The European Union is supporting the establishment of a regional virtual university for Eastern and Southern Africa, aimed at fostering regional integration in the 21 member-states Common Market for Eastern and Southern Africa (COMESA).
The EU is extending €60,000 to support scholarships for a master’s degree program in Regional Integration to be offered by Kenya’s Kenyatta University in collaboration with other higher learning institutions from member states.
“Kenyatta University was selected to host the program owing to its advanced e-Learning facilities”
Through the capacity building program of the Africa Caribbean and Pacific group known as TradeCom II, the grant will support the training of an initial group of 40 students, according to COMESA assistant secretary General Kipyego Cheluget.
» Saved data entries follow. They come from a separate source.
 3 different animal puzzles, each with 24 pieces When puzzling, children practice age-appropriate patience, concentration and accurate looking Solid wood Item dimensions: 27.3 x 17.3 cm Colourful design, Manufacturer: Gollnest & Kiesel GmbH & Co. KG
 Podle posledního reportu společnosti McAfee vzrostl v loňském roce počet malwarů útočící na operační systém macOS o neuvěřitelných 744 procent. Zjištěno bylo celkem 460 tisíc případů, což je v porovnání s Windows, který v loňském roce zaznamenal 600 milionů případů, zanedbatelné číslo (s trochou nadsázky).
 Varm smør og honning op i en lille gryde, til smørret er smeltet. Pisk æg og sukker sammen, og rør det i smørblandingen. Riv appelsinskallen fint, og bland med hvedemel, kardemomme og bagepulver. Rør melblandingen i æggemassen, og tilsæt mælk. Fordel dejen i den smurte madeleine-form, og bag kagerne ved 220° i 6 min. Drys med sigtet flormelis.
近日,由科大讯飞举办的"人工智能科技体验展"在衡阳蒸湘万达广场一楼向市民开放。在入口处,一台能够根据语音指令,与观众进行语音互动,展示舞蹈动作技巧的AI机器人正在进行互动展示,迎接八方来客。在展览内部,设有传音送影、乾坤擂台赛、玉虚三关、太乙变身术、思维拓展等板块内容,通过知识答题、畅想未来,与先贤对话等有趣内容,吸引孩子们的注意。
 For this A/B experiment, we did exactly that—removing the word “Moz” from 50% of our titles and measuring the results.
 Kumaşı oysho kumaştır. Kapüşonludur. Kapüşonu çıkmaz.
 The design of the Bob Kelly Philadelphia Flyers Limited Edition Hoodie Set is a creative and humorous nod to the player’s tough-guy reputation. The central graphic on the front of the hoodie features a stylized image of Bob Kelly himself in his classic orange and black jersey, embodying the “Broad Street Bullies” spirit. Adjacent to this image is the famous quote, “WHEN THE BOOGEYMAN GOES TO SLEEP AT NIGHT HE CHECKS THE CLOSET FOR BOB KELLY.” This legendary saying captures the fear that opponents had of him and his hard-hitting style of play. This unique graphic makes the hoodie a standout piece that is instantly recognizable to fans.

The COMESA University of Regional Integration will operate as a virtual institution of higher learning initially offering a master’s in Regional Integration program aimed at helping improve and build integration within the trading bloc.
“Kenyatta University was selected to host the program owing to its advanced e-Learning facilities and will collaborate with 22 universities in other COMESA member states, which have been involved in the design of the project,” said Cheluget in a statement.
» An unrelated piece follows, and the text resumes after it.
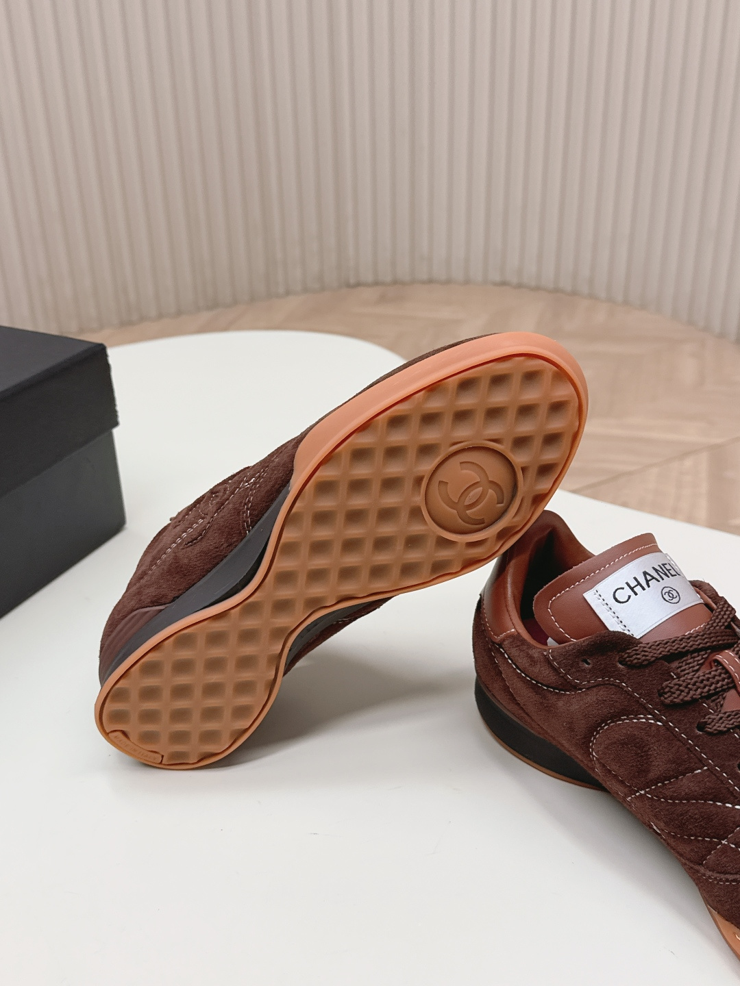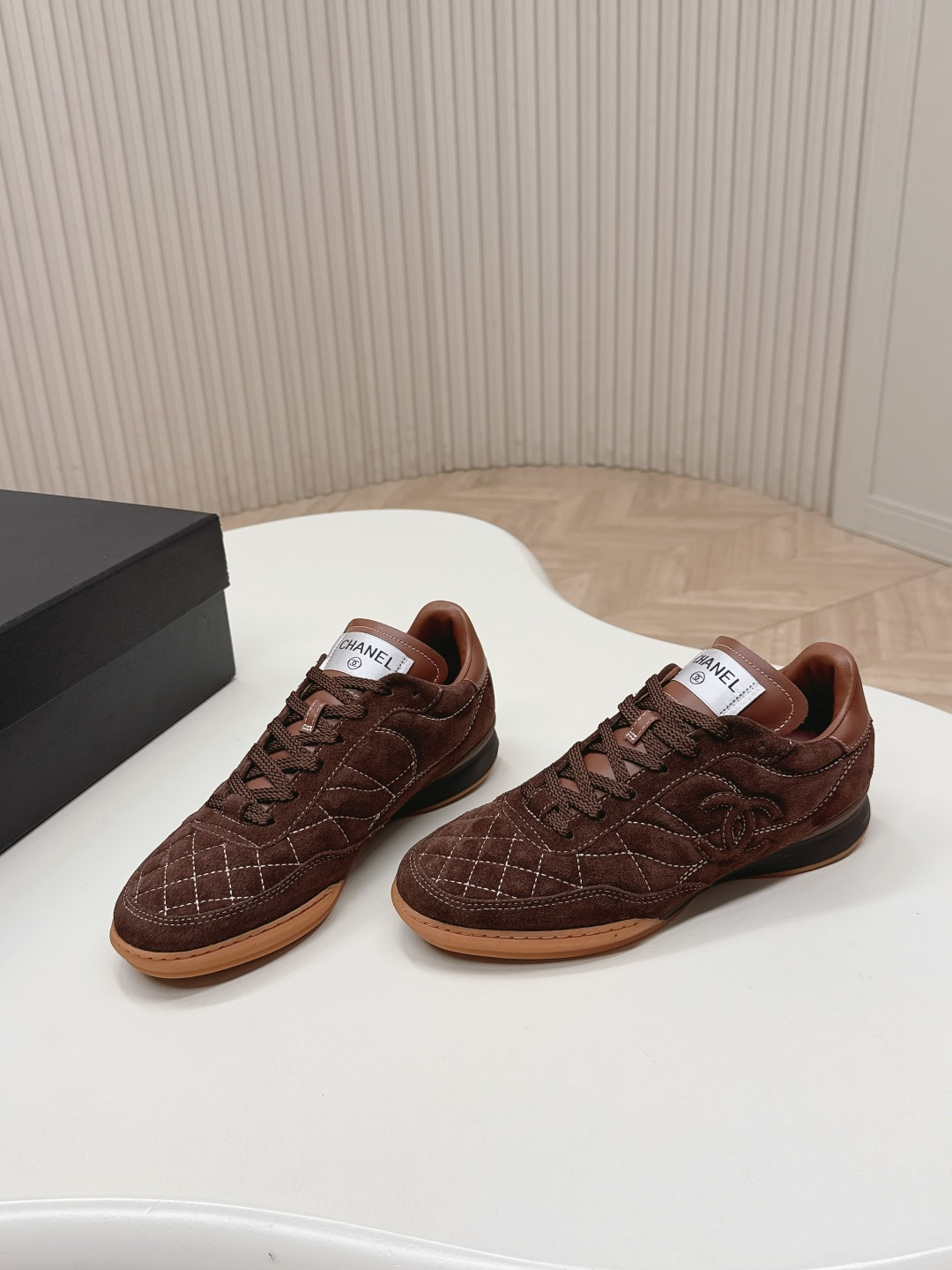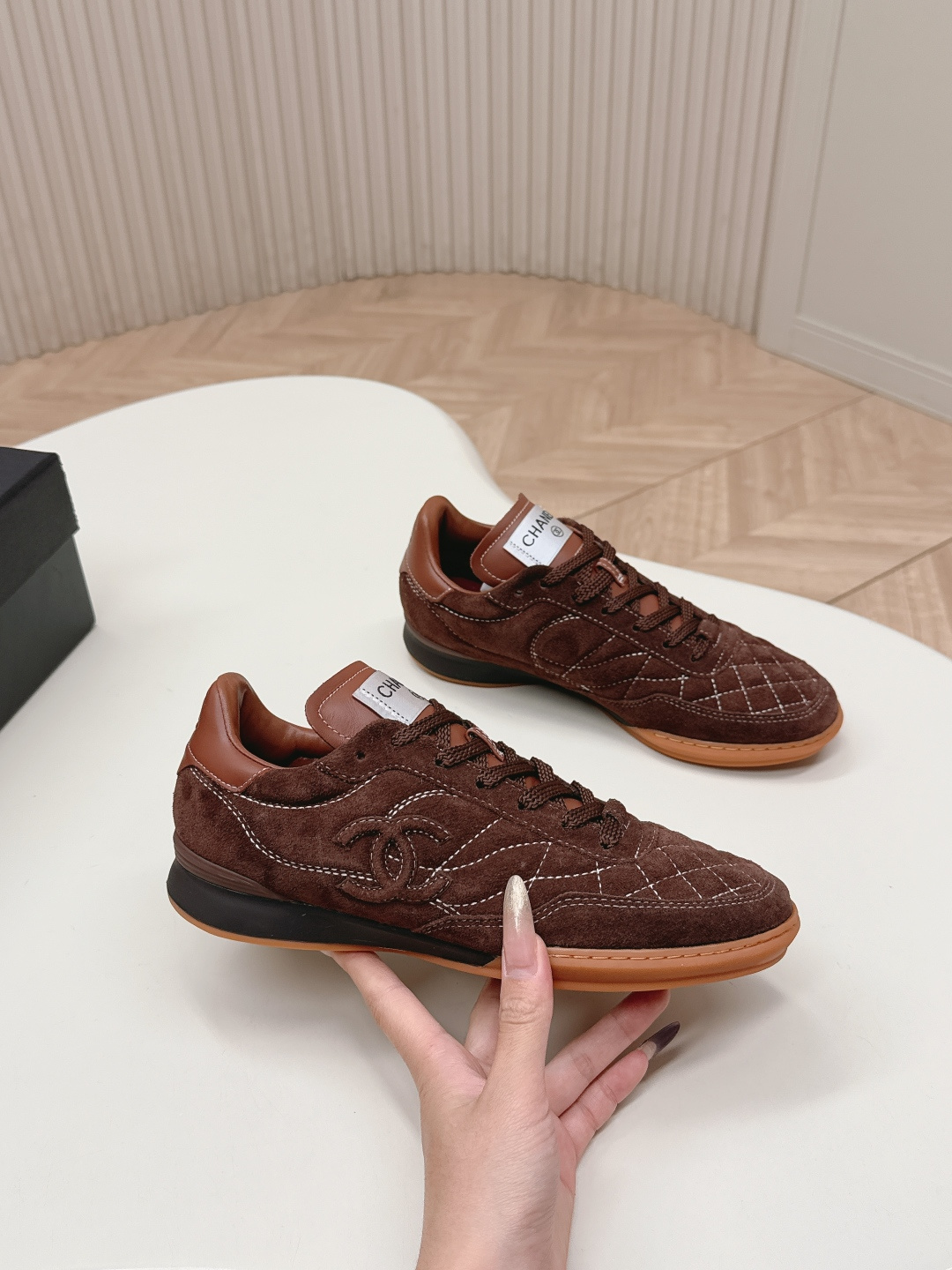 这款鞋子是AAAAA 1:1 质量 (非常棒). 使用了和原版一模一样的材料. 商标部分也保持了和香奈儿/Chanel一样. 图片拍摄是实物鞋子拍摄, 您所收到的实物保证和我们图片一模一样.
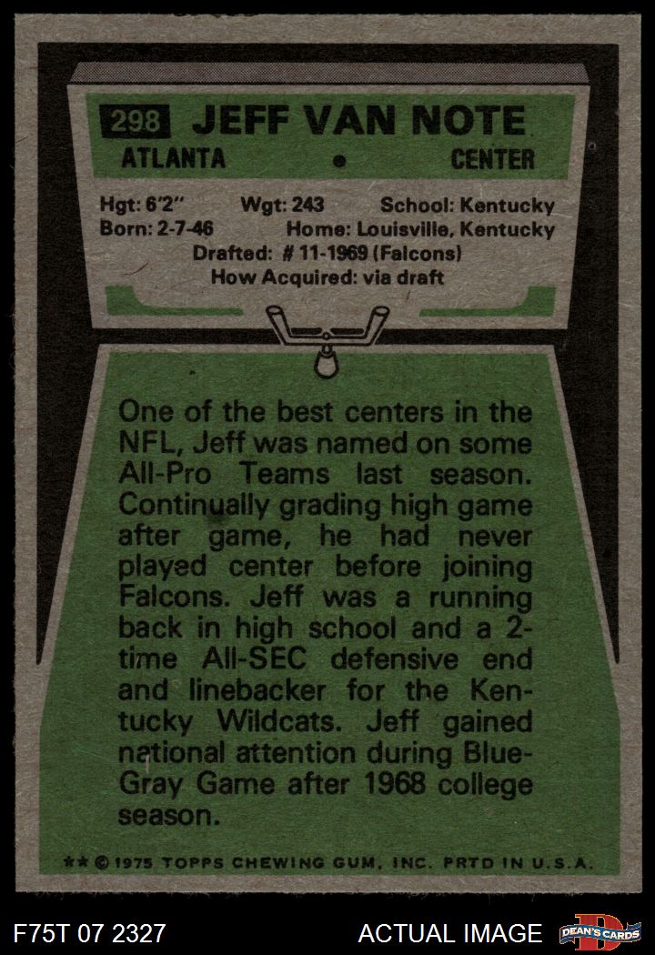 1975 Topps #298 Jeff Van Note 6 - EX/MT

“The rationale for establishing the program is to build the capacity of member states to address the slow progress of regional integration in the COMESA region,” he added.
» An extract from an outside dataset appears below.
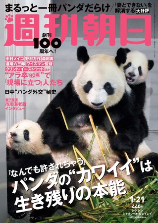 今週の週刊朝日は、上野動物園の双子の赤ちゃんパンダ、シャオシャオとレイレイが1月12日から一般公開されることを記念して、まるっと一冊モフモフまみれになれるパンダ号をお届けします。上野動物園の前園長が語る、ランランとカンカンからの「パンダ愛50年物語」、パンダの可愛さの秘密を専門家が分析した「パンダに学ぶ“カワイイ”の生存戦略」、遠藤憲一、山田パンダらが語るパンダ愛、知られざる日中パンダ外交秘史など、特集も大充実。双子パンダの成長アルバムに加え、「パンダの楽園」和歌山アドベンチャーワールドの撮りおろしなど、グラビアもパンダだらけです。通常記事も、大好評・性のすれ違い特集の第3段「妻とできない夫の深い事情」や、「アラウンド卒寿」の7人に90歳でも現場で働く秘けつを聞いたインタビュー集、新作歌舞伎「プペル」で親子共演に臨む市川海老蔵さんへのインタビューなど、豪華なラインナップでお届けいたします。

According to the official, it will target students intending to work as trade officers, trade policy analysts, advisers, researchers, trade attaches, and private sector trade practitioners among others.
The program, according to Samuel Muthoga chairman of the Department of Applied Economics at Kenyatta University, has received approval of the Commission of University Education in Kenya, setting the stage for its commencement early in 2020.
“The [master’s] program will be offered during the first semester of 2019-2020 academic year in collaboration with the School of Virtual and Open Learning of Kenyatta University. About 30 students have so far applied,” Muthoga noted.
The trading bloc had already signed a Memorandum of Understanding with four other universities to begin offering the program, according to COMESA senior research Fellow Benedict Musengele.
The institutions include the University of Mauritius, the Open University of Mauritius, l’Institut Supérieur de Gestion des Entreprise of Burundi, and the University of Zimbabwe.
Kenyatta University has advertised for students’ admission to the program beginning this month, while the Open University of Mauritius and University of Mauritius are advertising for January 2020 intake, Musengele noted.
“The program shall be offered by course work and dissertation over a duration of two years and consists of 10 compulsory and five elective courses, while examinations will be conducted at Kenyatta University campuses, in the Embassies and COMESA Secretariat offices,” he disclosed.
The launch of the university was approved in October 2016 during the 19th COMESA Heads of State Summit held in Madagascar, with the primary objective of inculcating a dimension of regional integration in learning in higher education institutions.
An MoU was later developed to provide the framework for collaboration with the participating universities.
Under the program, it is hoped that the inability of member countries to implement the numerous protocols, decisions and Acts due to the apparent lack of institutional and human capacity and related support mechanisms will be addressed, according to Cheluget.